大理石の床で出来た村一番の建物の中心で、一人の老人が両膝を床につき目を閉じている。白い服をキッチリと着込み、白髪には髪脂を馴染ませ、いつもボサボサな髭は真っ直ぐに伸ばしている。
右腕と右脚には包帯を巻き、座禅を組んでいる。
息が荒い。
老人はそこでどれだけの時間を待ったのだろうか。何の前触れも無く大きな正面の両扉が開いた。
立ち姿がスラリとした男がガチャガチャと鎧を鳴らし大広間の中央へと近づくと、その男は口を開いた。
「報告しろ。」
「・・・今日は一人なのか?テラリオル。」
「そんな事はどうでもいい。報告しろ。」
「相変わらずお堅いのぉ。ほれ、いつもと違った格好をしてみたが似合っとるかね?」
「報告しろと言っている。」
「つれないねぇ・・・。」
カラエルの目は鋭い。
「・・・何だ。」
「いんや?何もないが?」
「・・・報告しろ。」
「・・・やれやれ仕方がないのぉ。・・・カシナ村は23。他ゼリ村は13、ラクト村は7、チョコ村は41・・・。」
「ご苦労。お前の選別か?」
「・・・。そうじゃ?ワシの選別じゃ。今回の選別は自信があるぞい?」
「自信だと?」
「そうじゃ?自信じゃよ?」
「お前の戯言に付き合っている暇はない。お前の役目は欠陥品を選別し処分、選定する事だ。それ以上でも以下でもない。」
「何じゃつまらんのぉ・・・老人の楽しみを奪っちゃいかんぞい?」
「また訳のわからない事を。何が老人だ。お前の寿命は無いに等しい。お前は魔王様から譲渡されたコインによって不死の呪いがかけられているのだ。老人という概念を捨てろ。そしてお前の様な監督者は我等高等種族によって選ばれた存在なのだ。腑抜けた事をぬかすならまた永遠と体を切り刻むぞ。それが嫌なら魔王様の契約の下に働け。」
テラリオルは虫でも見るかの様な蔑む目でカラエルを見下し言葉を吐いた。
カラエルはテラリオルには目も合わせず、何かを思い出したかの様に歯を食いしばりながら激しく鼻で呼吸し、冷静を装うのがやっとだった。心なしか震えているのが分かる。

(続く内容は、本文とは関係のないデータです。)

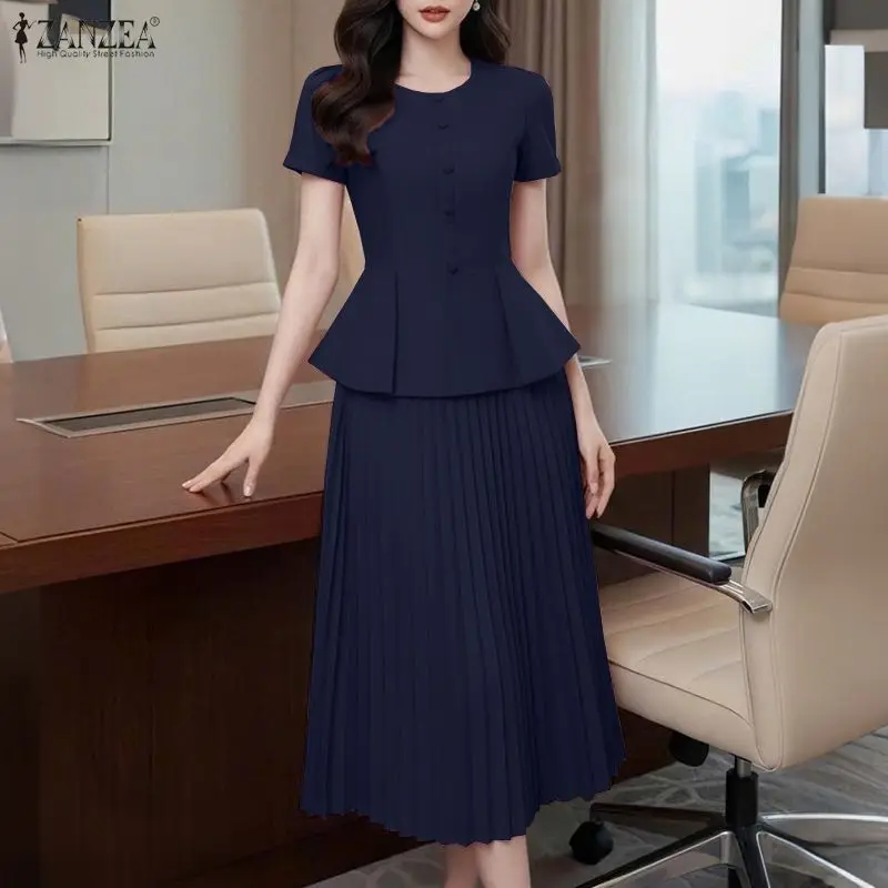 ZANZEA Elegant 2 Piece Outfits Women Short Sleeve Solid Top Tunic Long Skirts Summer Dress Sets Casual Office 2pcs Streetwear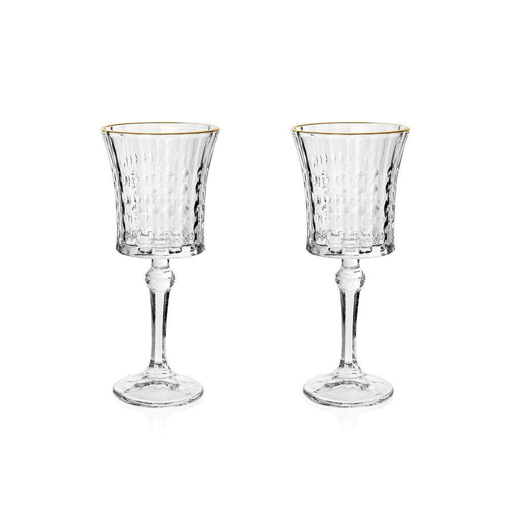 Jogo De Taças Copa E Cia 2 Peças Vitreo Com Filete Dourado 18 X 8 Cm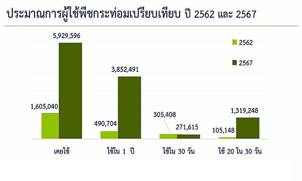 จากข้อมูลสำนักงาน ป.ป.ส. ได้มีการเปรียบเทียบตัวเลขจำนวนผู้ใช้พืชกระท่อมในปี 2562 (ก่อนมีการปลดพืชกระท่อมออกจากยาเสพติด) กับปี 2567 (หลังปลดพืชกระท่อมออกจากยาเสพติดแล้ว) พบว่า กลุ่มที่เคยใช้เดิมในปี 2562 มีเพียง 1,605,040 ราย แต่ในปี 2567 มีจำนวนเพิ่มขึ้นเป็น 5,929,596 ราย คิดเป็น 3.7 เท่าของปี 2562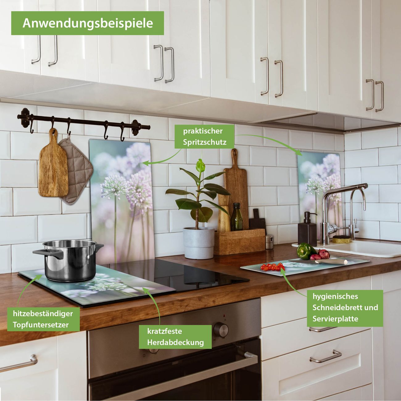 FUNKTION: Das banjado Schneidebrett mit Motiv Lauchblüte ist groß und rutschfest und damit ideal für Ihre Küche. Besonders praktisch. Das Schneidebrett ist vielseitig einsetzbar: ob als Spritzschutz hinter dem Herd für Ihre Küche oder als Glas Schneidebrett als hygienische und geruchsneutrale Unterlage. Sie können ebenfalls heiße Töpfe und Pfannen bis 100°C auf der Herdplattenabdeckung abstellen. Sie erhalten ein Multitalent für Ihre Küche. QUALITÄT: Die Schneideplatte Glas besteht aus hochwertigem, gehärtetem und hitzebeständigem Glas. Wählen Sie aus einem unserer zahlreichen Motive das passende Design für Ihre Küche aus. DETAILS: Das Schneidebrett Glas groß ist in verschiedenen Größen verfügbar. Sie erhalten separate Gumminoppen damit Ihr großes Schneidebrett rutschfest in der Küche steht. VIELSEITIG: Das Schneidebrett modern ist ein Allrounder - als Schneideunterlage Küche direkt auf dem Herd oder separat und als Spritzschutz an der Wand aufgestellt - ein praktisches Küchenutensil. BANJADO: Auf Wunsch fertigen wir das Glas Schneide Brett auch als Sondergröße an. Mehrteilige Platten sind auch möglich. Kontaktieren Sie uns gern für eine Spezialanfertigung Ihrer Glasplatte Küche.

「な・・・懐かしいのぉ。アレを思い出すと今でも頭が痛いわい。」
「だったらその減らず口を・・・ん?」
「・・・。」
「貴様・・・。その腕はどうした。何かとは思っていたがやはり不自然だ。ただの怪我ではないな?その包帯を取れ。命令だ。」
「・・・さて。どうしたものか。」
「早くその包帯を取れと言っているのだ。」
「まぁ、落ち着きなさいな。言われなくてもそのつもりじゃ・・・。」
カラエルは左手で右手の肩に手を伸ばし包帯に手を掛けた。
「ワシは選別したのじゃ。」
カラエルが手にかけた包帯からはポロポロと砂の様な灰のような粉が落ちていた。
カラエルはその事を気にも留めずゆっくりと包帯を解きながら言葉を言葉を紡いだ。
「いやぁ、最初見た時は驚いたぞい。このワシが押し負けたんじゃ。」
「チッ、何の話だ。」
「前にも言ったがのぉ。実はあのコインさえあれば無敵だと思っておった。」
「・・・。」
「ワシ・・・いや、ワシらは強かった。・・・がしかし若く、そして浅はかだった。永遠の時間と永遠の命が欲しくて欲しくてたまらんかった。この目もその為に鍛え身に付けた物じゃ。いずれはお前達を打倒し、我々の時代がやってくると・・・そう確信しておった・・・。」
「・・・。」
「まぁ聞け。テラリオルや。お前達の知っての通り、ワシはお前達の犬に成り下がった。せいぜいやれた事と言えば、身寄りの無い子供達を育てては貴様らに当て一矢報いる事じゃった。」
「フッ・・・。あれらはなかなかいい遊び相手だったな。魔王様も誉めておられたぞ。・・・一矢報いる・・・か。まぁいい。それがどうした。」
「勝負じゃテラリオル、そしてお前さんの主である魔王。ワシは飛びきりの矢を放ったぞ。まぁ、本人は気が付いとらんかもしれんがのぉ。」
「・・・どういう事だ?お前の育てた子供が私を倒しに来るとでも?」
「おや、鋭いお前さんが気が付かなんだとは。悪くない。最後にいいもんが見れそうじゃ・・・。」
カラエルは右腕の包帯を全て取ると、カラエルの右腕は燃え尽きる寸前の木の枝の様だった。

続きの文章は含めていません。